:: What is needed ::
Using the entries that follow, transcribe only the lines from the line with "Fácilmente reconocible es" to the line with "Women Plus Size", both included, exactly as they stand and without pictures.

:: Records ::
┌────────

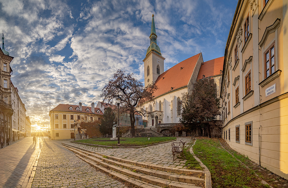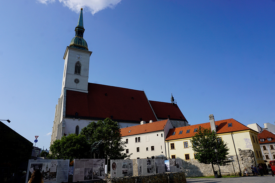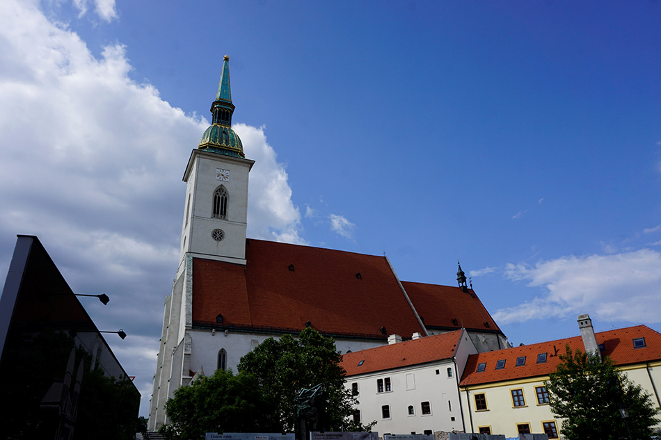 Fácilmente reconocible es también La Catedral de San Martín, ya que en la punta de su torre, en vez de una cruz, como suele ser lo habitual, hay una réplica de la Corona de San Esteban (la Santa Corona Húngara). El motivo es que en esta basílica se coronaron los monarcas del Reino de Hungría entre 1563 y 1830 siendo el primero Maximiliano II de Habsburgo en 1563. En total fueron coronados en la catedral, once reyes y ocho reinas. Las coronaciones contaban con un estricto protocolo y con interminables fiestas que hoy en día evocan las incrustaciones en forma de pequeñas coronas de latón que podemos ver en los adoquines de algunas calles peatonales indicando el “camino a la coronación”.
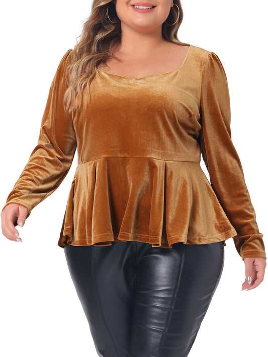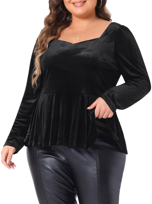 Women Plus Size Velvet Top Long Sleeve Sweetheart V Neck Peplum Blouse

└────────
┌────────

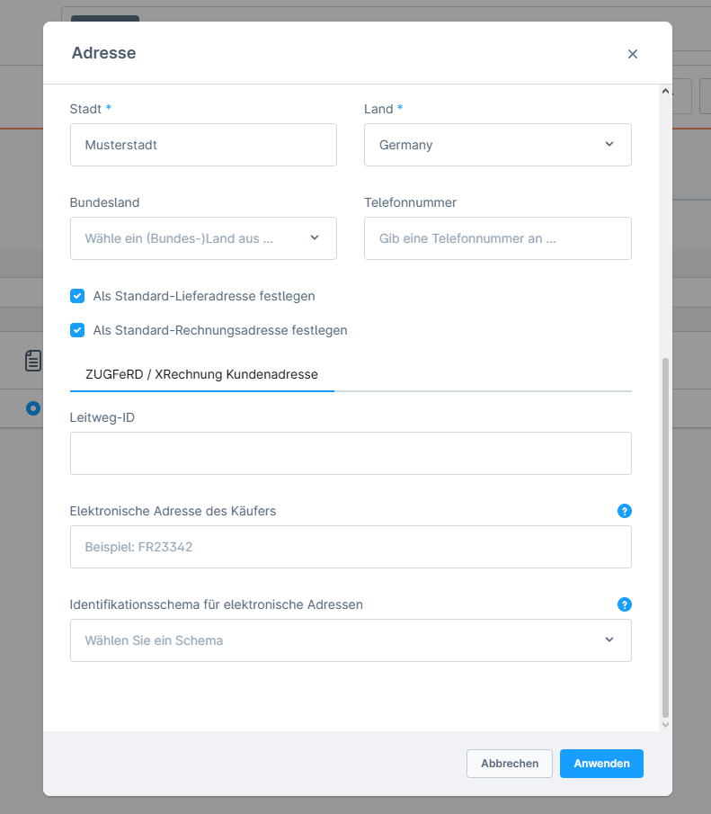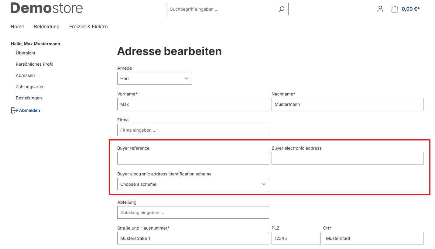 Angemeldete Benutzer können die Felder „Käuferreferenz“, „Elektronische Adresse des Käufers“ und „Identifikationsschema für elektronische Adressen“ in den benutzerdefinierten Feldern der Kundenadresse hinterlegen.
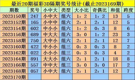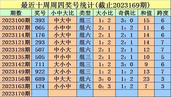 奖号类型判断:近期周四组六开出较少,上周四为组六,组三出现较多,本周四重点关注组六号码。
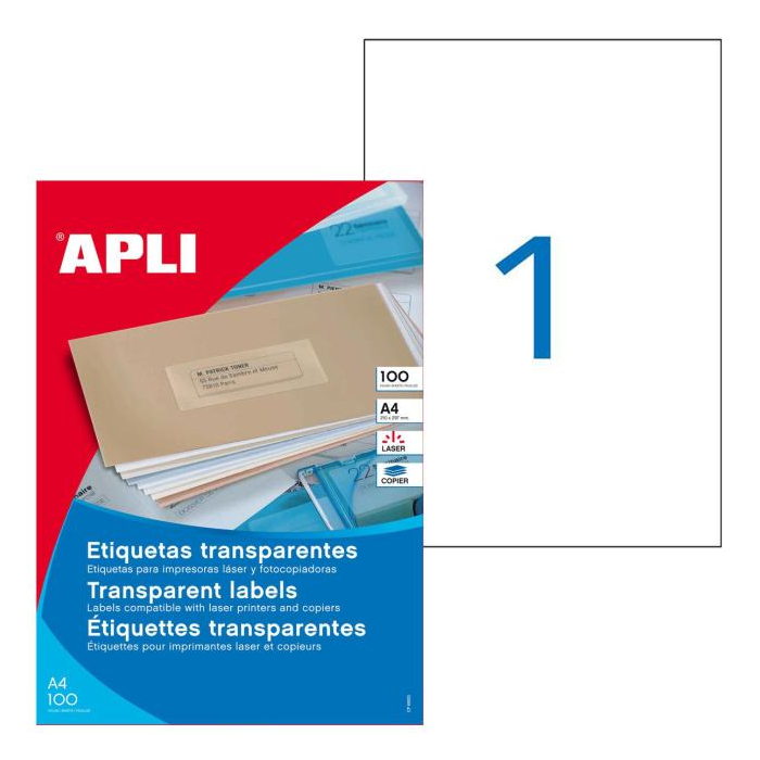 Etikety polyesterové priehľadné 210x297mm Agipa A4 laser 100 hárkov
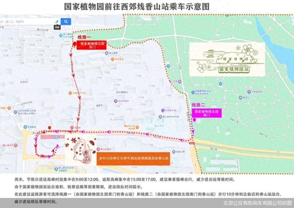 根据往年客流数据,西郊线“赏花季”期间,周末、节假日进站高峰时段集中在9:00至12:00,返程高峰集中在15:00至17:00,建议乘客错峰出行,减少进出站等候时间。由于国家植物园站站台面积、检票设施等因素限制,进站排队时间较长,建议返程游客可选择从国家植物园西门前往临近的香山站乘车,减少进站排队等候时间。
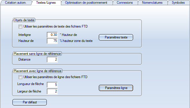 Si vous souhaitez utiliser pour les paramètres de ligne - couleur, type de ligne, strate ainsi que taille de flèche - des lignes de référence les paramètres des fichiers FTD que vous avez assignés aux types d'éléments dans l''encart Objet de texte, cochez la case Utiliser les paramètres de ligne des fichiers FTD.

└────────

:: Written solution ::
 Fácilmente reconocible es también La Catedral de San Martín, ya que en la punta de su torre, en vez de una cruz, como suele ser lo habitual, hay una réplica de la Corona de San Esteban (la Santa Corona Húngara). El motivo es que en esta basílica se coronaron los monarcas del Reino de Hungría entre 1563 y 1830 siendo el primero Maximiliano II de Habsburgo en 1563. En total fueron coronados en la catedral, once reyes y ocho reinas. Las coronaciones contaban con un estricto protocolo y con interminables fiestas que hoy en día evocan las incrustaciones en forma de pequeñas coronas de latón que podemos ver en los adoquines de algunas calles peatonales indicando el “camino a la coronación”.
 Women Plus Size Velvet Top Long Sleeve Sweetheart V Neck Peplum Blouse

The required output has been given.